◆ **TASK**
With pictures excluded, copy word for word the lines in the data below from the line containing "ショルダー付き手帳型スマホケ" through the line containing "久しぶりにやりましたがやはり".

◆ **GIVEN RECORDS**

..........

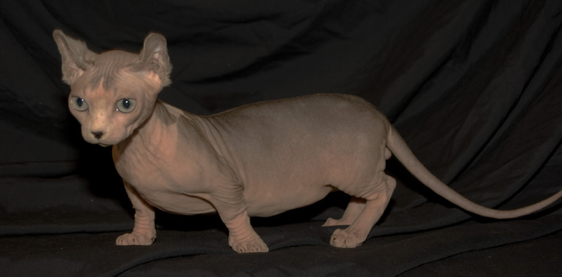 Later, Burmese cats and Devon Rexes assisted in breeding the breed. The result was a bit like bambino cats, The kitten was born with short legs and unusually silky skin.
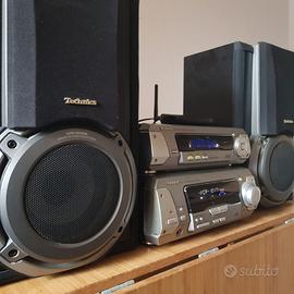 impianto TECHNICS virtual surround,40watt RMS , tuner radio, equalizzatore integrato, misure compatte per piccoli spazi,testato e perfettamente funzionante, casse bi-wiring, nella foto si vede dispositivo bluetooth ma non è compreso, lo si acquista da parte per pochi euro(pagato 12€) . Impianto fornito con doppio telecomando funzionante originale e cavo di alimentazione, mancano i cavetti per le casse.. qualche segno del tempo ma nessuna ammaccatura di nessun tipo.
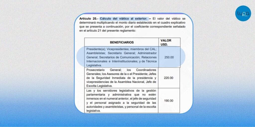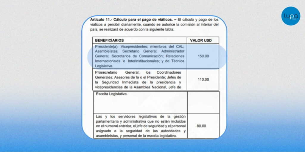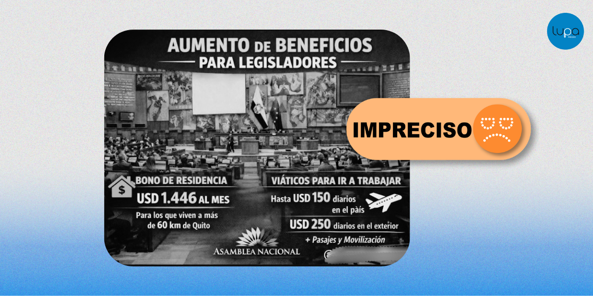 Una publicación viral afirma que la «Asamblea Nacional actualizó su reglamento y aumentó los beneficios de sus legisladores». Según el contenido difundido, el bono de residencia subió a USD 1.446 mensuales para quienes viven a más de 60 km de Quito, y los viáticos alcanzan USD 150 diarios en el país y USD 250 en el exterior, más pasajes y movilización.
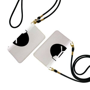 ショルダー付き手帳型スマホケース。シームレスな全面デザイン(内側は落ち着いたオフホワイト)。外側は高品質の人工革を使用。内側にはスマホを装着するケースが付属。機種専用のカメラホール仕様でケースを装着したまま。
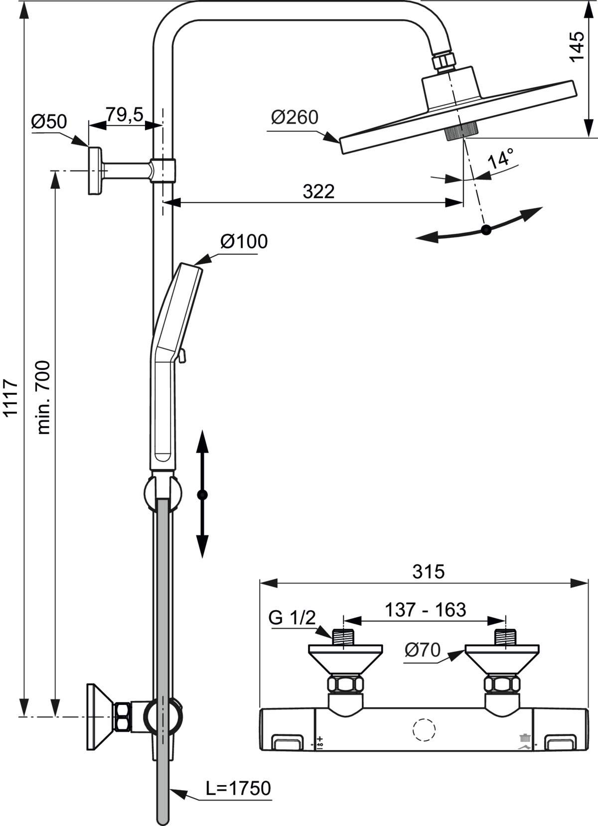 Douchesysteem eco m. douchethermostaat chroom Ceratherm T25+ Ideal Standard
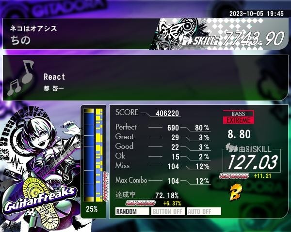 久しぶりにやりましたがやはり難しい。以前はゲージギリギリで落ちかけてましたが今回はそれがなかったので成長してると思いたい。
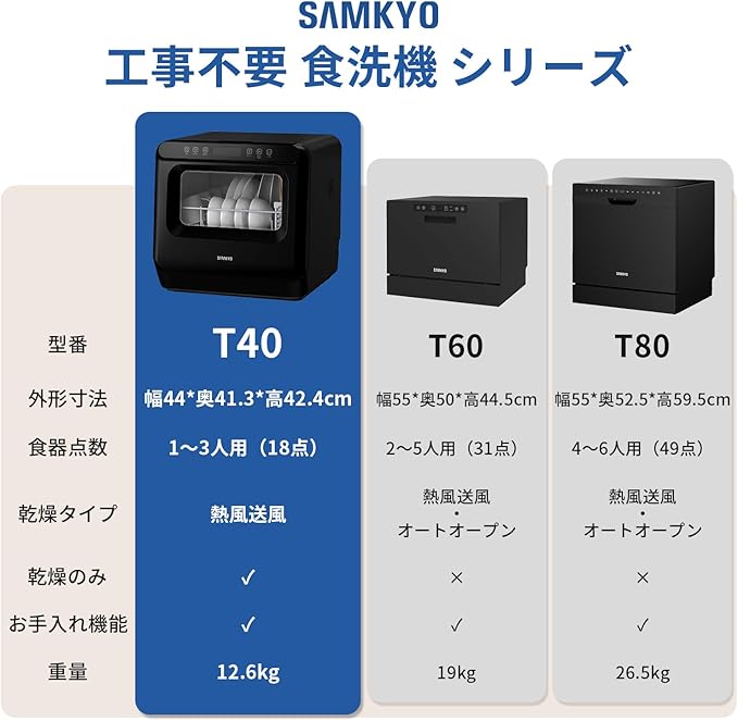 食洗機 工事不要 1〜3人用 家庭用 18点入り 食器洗い乾燥機 乾燥のみ機能対応 熱風送風乾燥機能 食洗器 食器洗浄機 給水バケツ付き SAMKYO T40 ブラック a
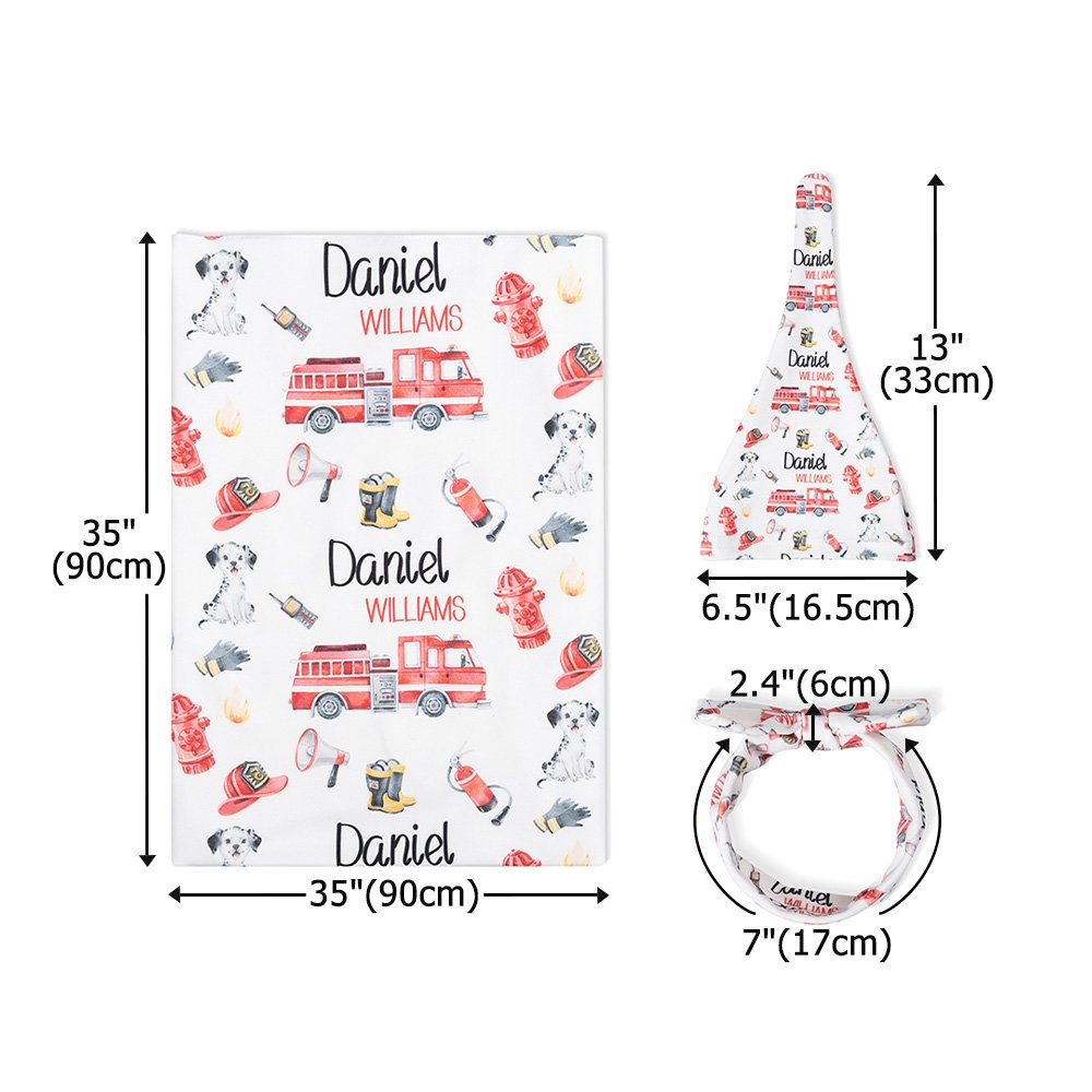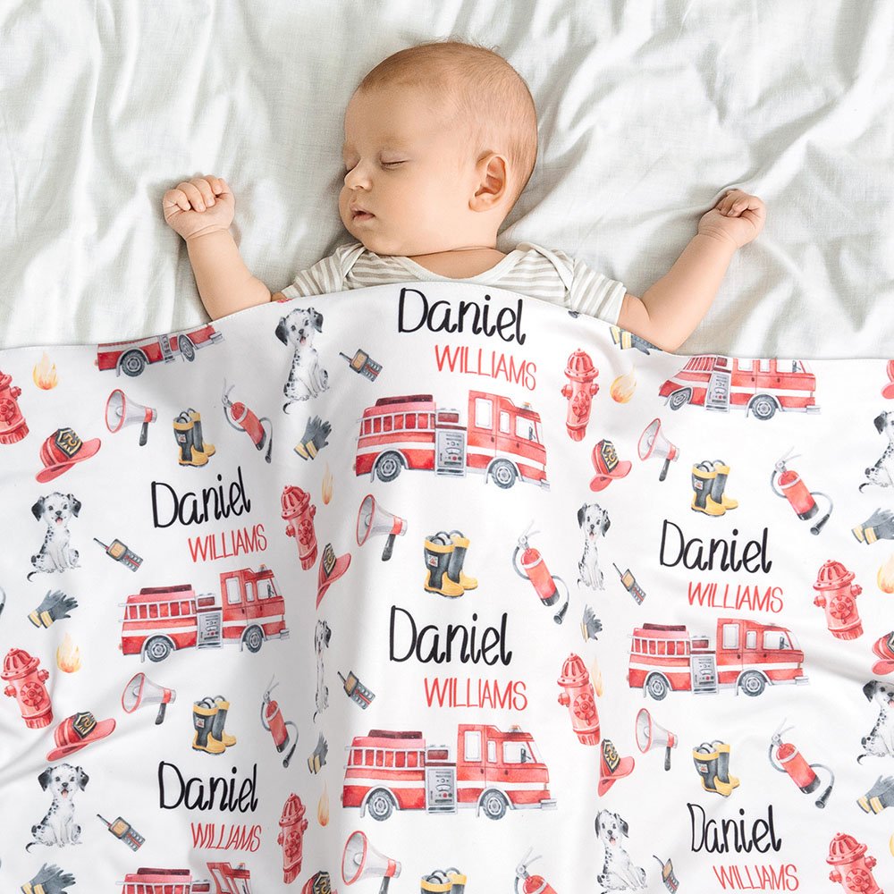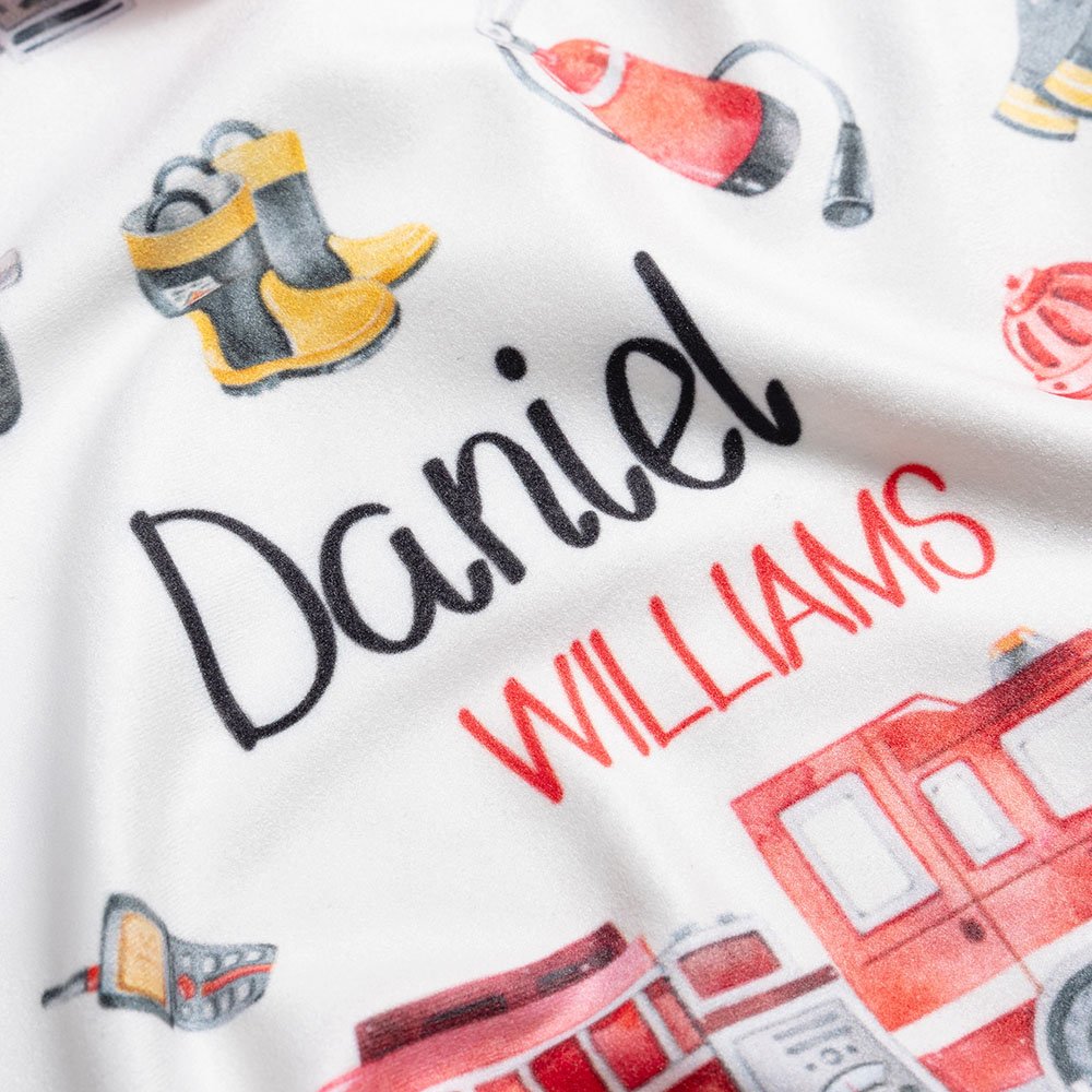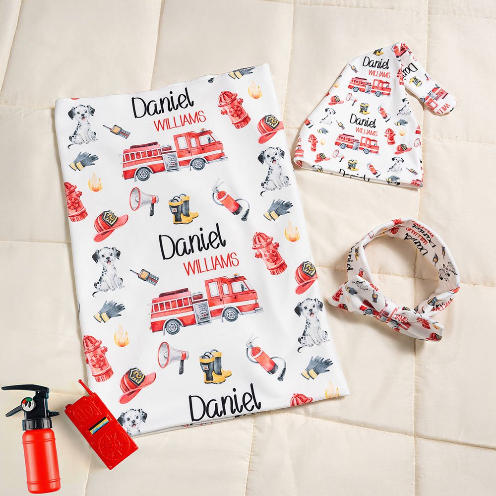 Cet emmaillotage sur le thème des pompiers représente des camions de pompiers, des extincteurs, des flammes et bien d'autres choses encore, pour un effet encore plus mignon. Vous pouvez personnaliser l'emmaillotage avec le nom de votre bébé, ce qui fera de ce cadeau un souvenir précieux.

..........

◆ **RESULT FOR THIS TASK**
 ショルダー付き手帳型スマホケース。シームレスな全面デザイン(内側は落ち着いたオフホワイト)。外側は高品質の人工革を使用。内側にはスマホを装着するケースが付属。機種専用のカメラホール仕様でケースを装着したまま。
 Douchesysteem eco m. douchethermostaat chroom Ceratherm T25+ Ideal Standard
 久しぶりにやりましたがやはり難しい。以前はゲージギリギリで落ちかけてましたが今回はそれがなかったので成長してると思いたい。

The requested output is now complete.